Untuk diketahui, terkait PT tersebut, UU Nomor 7 Tahun 2017 tentang Pemilu, mengatur tentang syarat partai atau gabungan partai yang boleh mengusung pasangan capres dan cawapres. Yakni harus memiliki 20 persen kursi di DPR atau 25 persen suara sah di level nasional.

Effendi menilai, penerapan sistem PT itu terkesan sebagai upaya membatasi agar pertarungan di Pilpres 2019 hanya menghadirkan dua pasangan calon saja.

"Semua hancur gara-gara presidential threshold, yang lebih terlihat sebagai upaya melarang putra dan putri terbaik bangsa untuk ikut masuk dalam kompetisi pilpres. Bahkan, ada kesan ingin membatasi agar hanya terdapat satu pasangan kompetitor dan kalau bisa dicari kompetitor yang terlemah," ujarnya dilansir cnnindonesia, Rabu 24 April 2019 kemarin.

Padahal, terangnya, keberadaan dua pasang calon pun berpotensi melahirkan konflik tajam.

Akibat sistem PT yang seperti itu pula, semua pihak yang terkait dengan Pemilu, akhirnya dibuat sibuk hanya untuk menangani konflik antara dua kubu yang bertarung di Pilpres 2019. Mulai dari penyelenggara, pengawas hingga pihak keamanan.

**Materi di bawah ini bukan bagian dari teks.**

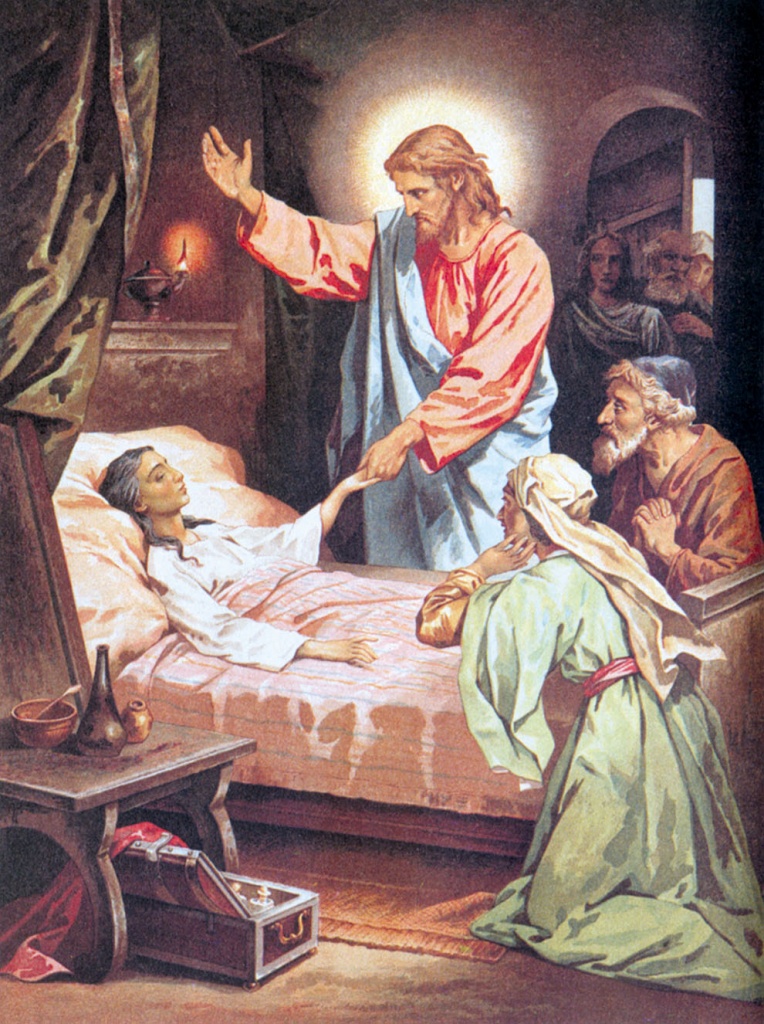54Он же, выслав всех вон и взяв ее за руку, возгласил: девица! встань.
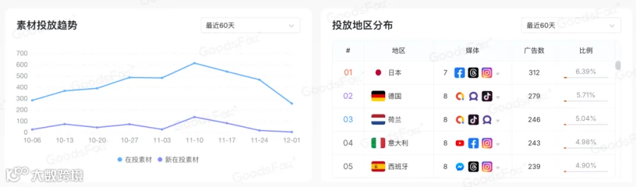 基于 GoodsFox 监控的投放数据,我们有以下发现:

Apalagi terkait kabar di media sosial. Sehingga semua pihak terkesan mencurahkan perhatian untuk menangani dan menganalisis kasus berita bohong atau hoaks, ujaran kebencian, serta bentuk pencemaran lain.

Menurutnya, situasinya akan berbeda bila pasangan capres dan cawapres yang dihadirkan di Pilpres 2019 berjumlah lima.

Lebih lanjut, Effendi menilai, sistem PT tersebut pada akhirnya telah merenggut jiwa pelaksanaan pemilu secara serentak.

"Jadi kami pun, pengaju judicial review ke MK, sudah meminta dari jauh hari agar pemilu serentak versi UU Pemilu dibatalkan saja, kembali ke pemilu seperti 2014," ujarnya lagi.

Tak hanya itu, Effendi juga mendorong evaluasi secara menyeluruh dilakukan terhadap sistem PT. Salah satunya, terkait jabatan presiden yang hanya satu kali. Hal ini untuk mengantisipasi pertarungan ulang yang dapat membuka luka lama.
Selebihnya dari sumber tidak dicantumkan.